Dutch Government Won't Advise Public to Wear Masks

"[F]rom a medical perspective there is no proven effectiveness of masks," Dutch health minister says
Chris Menahan

Jul. 30, 2020

While Dr Anthony Fauci on Wednesday told Americans to consider wearing goggles as well as cloth masks, the Dutch government on the same day decided against advising the public to wear masks because they haven't been "proven" to be effective.

From Reuters, "Dutch government will not advise public to wear masks - minister":
The Dutch government on Wednesday said it will not advise the public to wear masks to slow the spread of coronavirus, asserting that their effectiveness has not been proven.

The decision was announced by Minister for Medical Care Tamara van Ark after a review by the country's National Institute for Health (RIVM).
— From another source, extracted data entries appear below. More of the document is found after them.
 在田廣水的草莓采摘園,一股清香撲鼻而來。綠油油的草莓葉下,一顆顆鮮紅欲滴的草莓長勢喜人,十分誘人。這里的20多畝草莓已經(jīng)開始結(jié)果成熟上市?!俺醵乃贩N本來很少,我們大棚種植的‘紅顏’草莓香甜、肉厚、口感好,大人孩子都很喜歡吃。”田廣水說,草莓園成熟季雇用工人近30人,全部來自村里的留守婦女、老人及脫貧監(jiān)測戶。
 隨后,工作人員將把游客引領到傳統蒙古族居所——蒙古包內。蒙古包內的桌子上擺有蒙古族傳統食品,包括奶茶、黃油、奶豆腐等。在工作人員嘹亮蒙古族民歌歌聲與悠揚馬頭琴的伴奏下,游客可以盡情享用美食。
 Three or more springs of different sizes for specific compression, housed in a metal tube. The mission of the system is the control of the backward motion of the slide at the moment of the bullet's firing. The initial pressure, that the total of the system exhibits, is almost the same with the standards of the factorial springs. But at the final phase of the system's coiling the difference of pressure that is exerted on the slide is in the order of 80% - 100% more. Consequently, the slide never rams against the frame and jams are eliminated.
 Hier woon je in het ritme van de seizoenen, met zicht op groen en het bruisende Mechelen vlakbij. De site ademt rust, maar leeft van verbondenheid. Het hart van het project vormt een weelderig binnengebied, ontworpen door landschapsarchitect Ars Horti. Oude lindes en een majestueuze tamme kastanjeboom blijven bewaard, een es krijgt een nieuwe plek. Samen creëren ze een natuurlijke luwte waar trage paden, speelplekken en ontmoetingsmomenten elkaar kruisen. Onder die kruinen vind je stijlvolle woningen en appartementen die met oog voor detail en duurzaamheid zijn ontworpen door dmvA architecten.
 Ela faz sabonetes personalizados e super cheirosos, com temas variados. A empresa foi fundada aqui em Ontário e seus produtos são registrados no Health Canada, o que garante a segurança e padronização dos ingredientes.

The government will instead seek better adherence to social distancing rules after a surge in coronavirus cases in the country this week, Van Ark said at a press conference in The Hague.

"Because from a medical perspective there is no proven effectiveness of masks, the Cabinet has decided that there will be no national obligation for wearing non-medical masks" Van Ark said.
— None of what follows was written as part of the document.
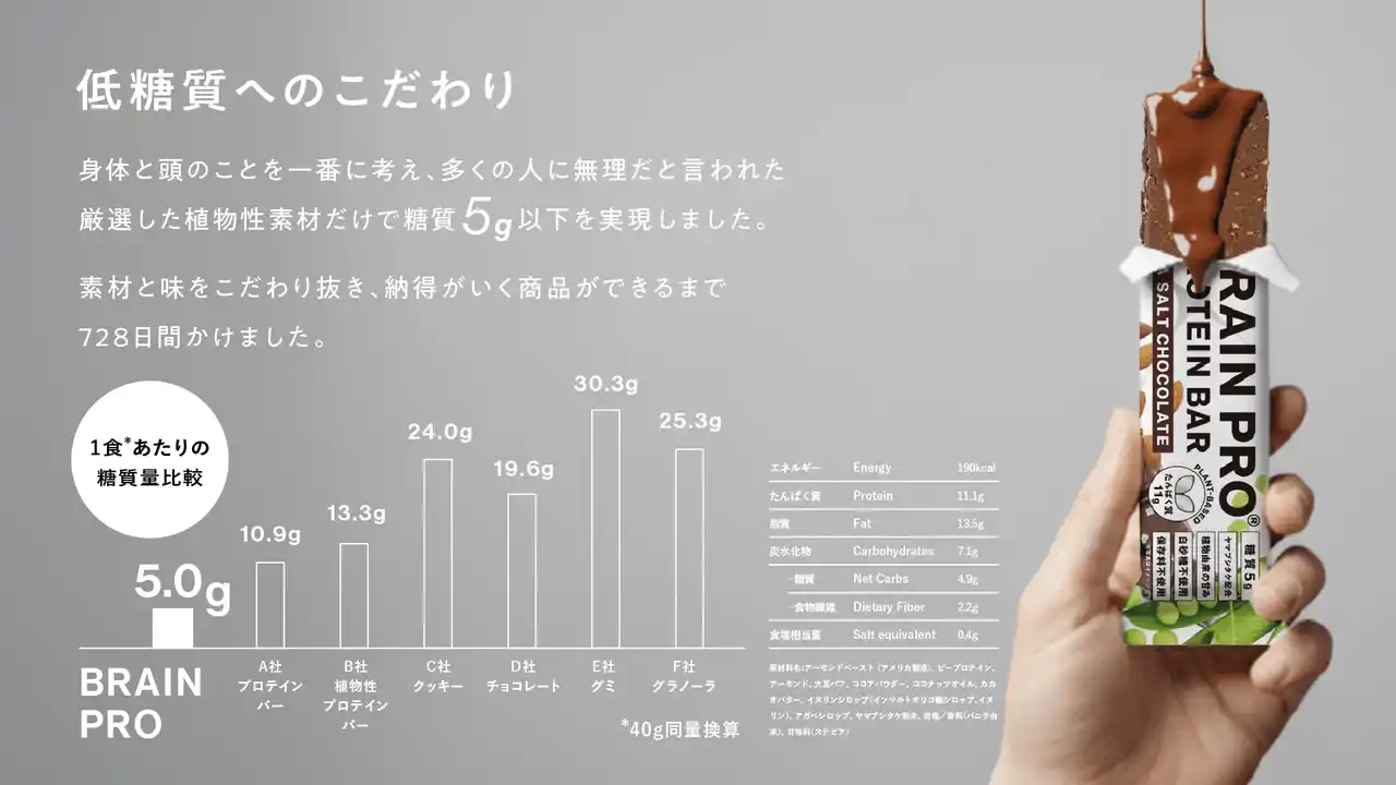 「体に良くても美味しくなければ続かない」という考えのもと、理想的な商品設計の完成まで2年と延べ200回以上の試行錯誤を経て完成。糖質5g以下でありながら、チョコレートバーとしての満足感と美味しさを兼ね備えています。 |

[...] RIVM chief Jaap van Dissel said that the organization was aware of studies that show masks help slow the spread of disease but it was not convinced they will help during the current coronavirus outbreak in the Netherlands.

He argued wearing masks incorrectly, together with worse adherence to social distancing rules, could increase the risk of transmitting the disease.
Meanwhile, Sweden is also advising against masks and focusing on social distancing.
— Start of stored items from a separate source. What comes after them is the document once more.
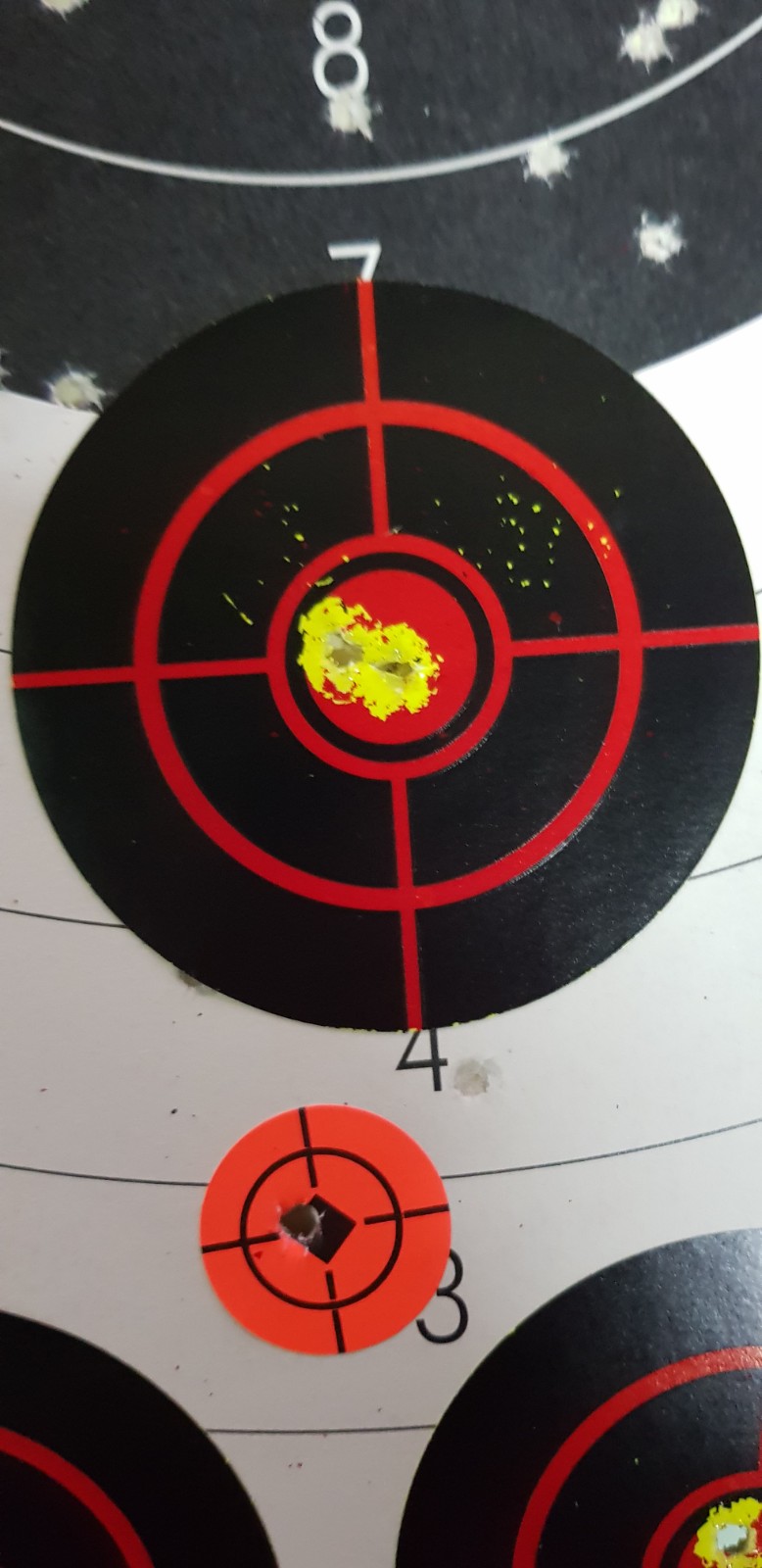 y esto un par de agrupaciones, en dianas de 3 pulgadas
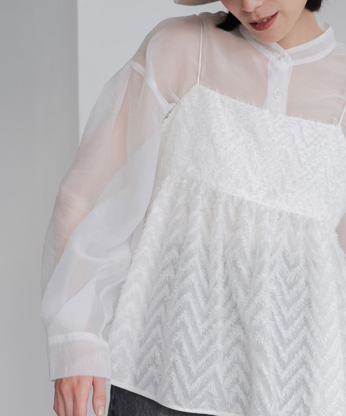 ■素材■ ポリエステルとナイロンを交織したシアー素材を使用しています。 しなやかでハリがあり、程よい光沢感が特徴の素材です。 ■デザイン■ 袖にタックをいれ、立体的に仕上げたのがポイントのチュニック丈シャツになります。 シアー素材なので暑い夏も清涼感があり、冷房対策など、羽織としても活躍するアイテムです。 ■スタイリング■ パンツとのレイヤードはもちろん、ミニボトムと合わせると今年らしいスタイリングに。インナーにはカップツキキャミなどを合わせると華奢見えに。柄ものを透かせるのもオススメです。
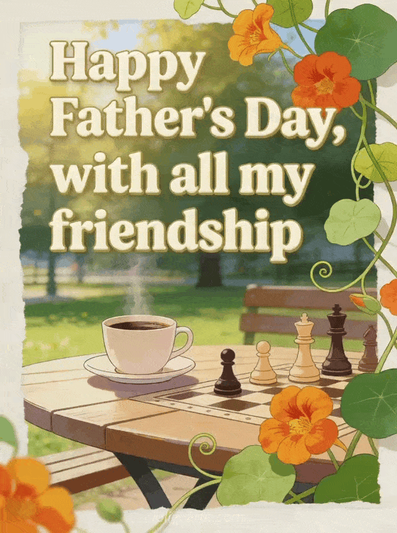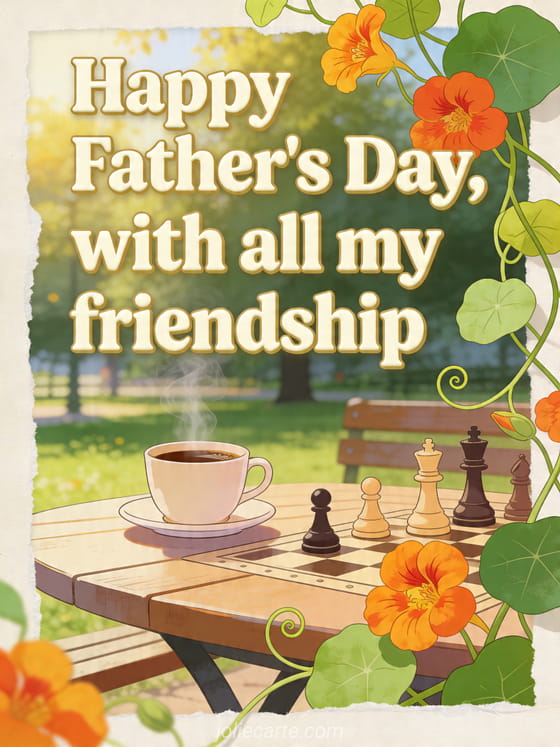 Share a friendly illustrated Father's Day card with a sunny park table, steaming coffee cup, chess pieces and vivid nasturtium vines that overlap the image border. It is a warm way to send friendship and good wishes. Discover also my love my darling happy father's day, an original Father's Day gif or best father's day.

From The Financial Review:
Dr Tegnell, the author of Sweden's controversial lockdown-lite strategy, this week welcomed a decline in new cases and deaths as he continued to champion the country's largely voluntary approach to social distancing.

"The curves go down, and the curves over the seriously ill begin to be very close to zero. As a whole, it is very positive," he told reporters.

"With numbers diminishing very quickly in Sweden, we see no point in wearing a face mask in Sweden, not even on public transport."
These countries are pretty different from the US as they're more naturally prone to social distancing.

According to reports, Hispanics in southern states disproportionately make up the bulk of coronavirus infections (47 percent in Houston despite being 40 percent of the population) which the Washington Post is blaming in part on "crowded housing" conditions (which are likely even worse due to the lockdowns).

If you have 10 or more people in a modest home social distancing is not much of an option and while some Texas officials are encouraging people to wear masks in their homes, cloth masks cannot filter out viruses the way P100 or N95 mask can.

Enforcing occupancy limits and our nation's immigration laws would probably do a lot more to help stop the spread than recommending everyone wear goggles.